With \(\hat\beta\)s decreasing in size and switching signs. Why if it isn’t similar to the Taylor Series expansion of \(sin(x)\) around zero!

\(\sin(x) \sim x -\frac{x^3}{3!}+\frac{x^5}{5!}+...\)

Well, it’s only similar I’m afraid:

lasso_beta <- c(as.matrix(lasso_coef))
mm <- model.matrix(~ poly(x, degree = poly_degree, raw = TRUE))
y_pred <- mm %*% lasso_beta
taylor <- mm %*% c(0, 1, 0, -1/factorial(3), 0, 1/factorial(5), 0, -1/factorial(7), 0, 1/factorial(9), 0)
plot(x, y, type = "l", ylim = c(-5, 5))
lines(x, y_pred, col = 2)
lines(x, taylor, col = 3)
legend("bottomright", legend = c("observed", "fitted", "Taylor"), lty = 1, col = 1:3)

The Taylor polynomial was designed to approximate \(sin(x)\) at 0. Our polynomial was designed to fit “everywhere”, and so despite its efforts it is less impressive.
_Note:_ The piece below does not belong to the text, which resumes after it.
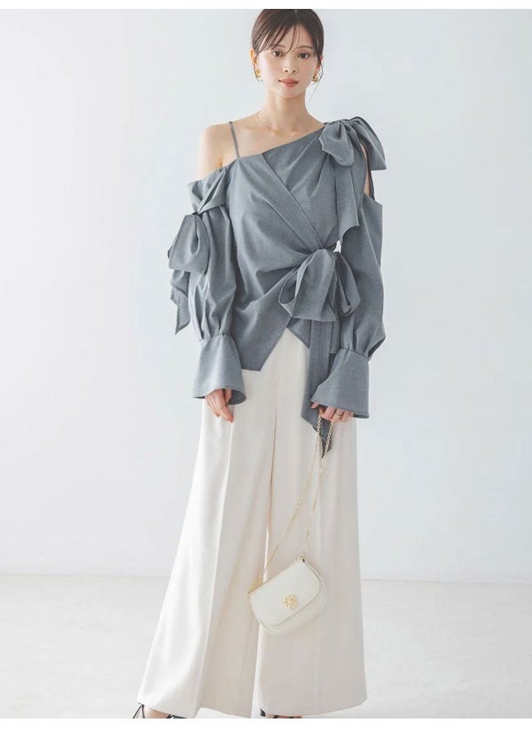 他の画像を見る 2026 Spring Collection 【新作10%OFF】【即納】 スナイデル SNIDEL トップス リボンデザインブラウス 長袖 ミドル丈 ワンショル アシンメトリー swfb261059 即納 ポイント5倍 ¥ 15,950 ¥ 14,355 税込 カートに入れる お気に入りに登録する
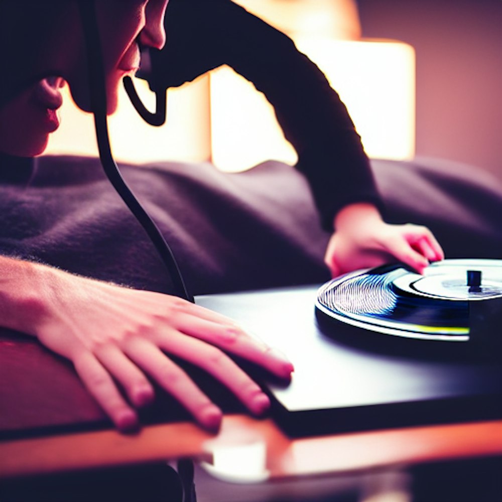 An image of a person with a vinyl record for a face sitting in front of a computer with a pair of headphones on and a hoodie on, surrounded by a warm and cozy atmosphere, with a black sampling keyboard in the background, Hyper Detail, 8K, HD, Octane Rendering, Unreal Engine, photo-realistic

And so, you should never trust hand-picked examples. And you shouldn’t treat the LASSO as some kind of magic which always works, but it will suit our needs here.

Formulan

What’s left? Put it in a function get_poly_coef() which receives x, y and the maximum polynomial degree, and returns the coefficients:

get_poly_coef <- function(x, y, max_degree = 5) {
    if (length(x) < 20) {
        warning('x length less than 20')
    }
    mm <- model.matrix(~ poly(x, degree = max_degree, raw = TRUE))[, -1]
    cvfit <- cv.glmnet(mm, y)
    c(as.matrix(coef(cvfit, s = "lambda.min")))
}

Add some more functions for better Latex printing:

polynomize <- function(x, y, max_degree = 5) {
    coef <- get_poly_coef(x, y, max_degree)
    mm <- model.matrix(~ poly(x, degree = max_degree, raw = TRUE))
    list(xy = cbind(x, mm %*% coef),
         formula_ = form_latex(coef, x),
         coef_ = coef)
}

nice <- function(n) {
    if (abs(n) %% 1 < 0.001) {
        sprintf("%.4f", abs(n))
    } else if (abs(n) %% 1 < 0.01) {
        sprintf("%.3f", abs(n))
    } else if (abs(n) %% 1 < 0.1) {
        sprintf("%.2f", abs(n))
    } else {
        sprintf("%.1f", abs(n))
    }
}

signit <- function(n) ifelse(n > 0, "+", "-")
pass <- function(n, eps = 0.000001) abs(n - 0) >= eps

format_x_range <- function(x) {
    paste0("x\\in(", nice(min(x)), ",\\space", nice(max(x)), ")")
}

form_latex <- function(coef, x) {
    formula_ <- "$$"
    if (length(coef) > 0 && pass(coef[1])) {
        formula_ <- paste0(formula_, nice(coef[1]))
    }
    if (length(coef) > 1 && pass(coef[2])) {
        formula_ <- paste0(formula_, signit(coef[2]), nice(coef[2]), "x")
    }
    if (length(coef) > 2) {
        deg <- 2
        for (co in coef[3:length(coef)]) {
            if (pass(co)) {
                formula_ <-
                  paste0(formula_, signit(co), nice(co), "x^{", deg, "}")
                deg <- deg + 1
            }
        }
    }
    paste0(formula_, ";\\space ", format_x_range(x), "$$")
}

Here polynomize() is the main function which wraps get_poly_coef() and returns a list containing xy the original x and the fitted y, formula_ the polynomial formula in Latex, and coef_ which is a vector of the coefficients.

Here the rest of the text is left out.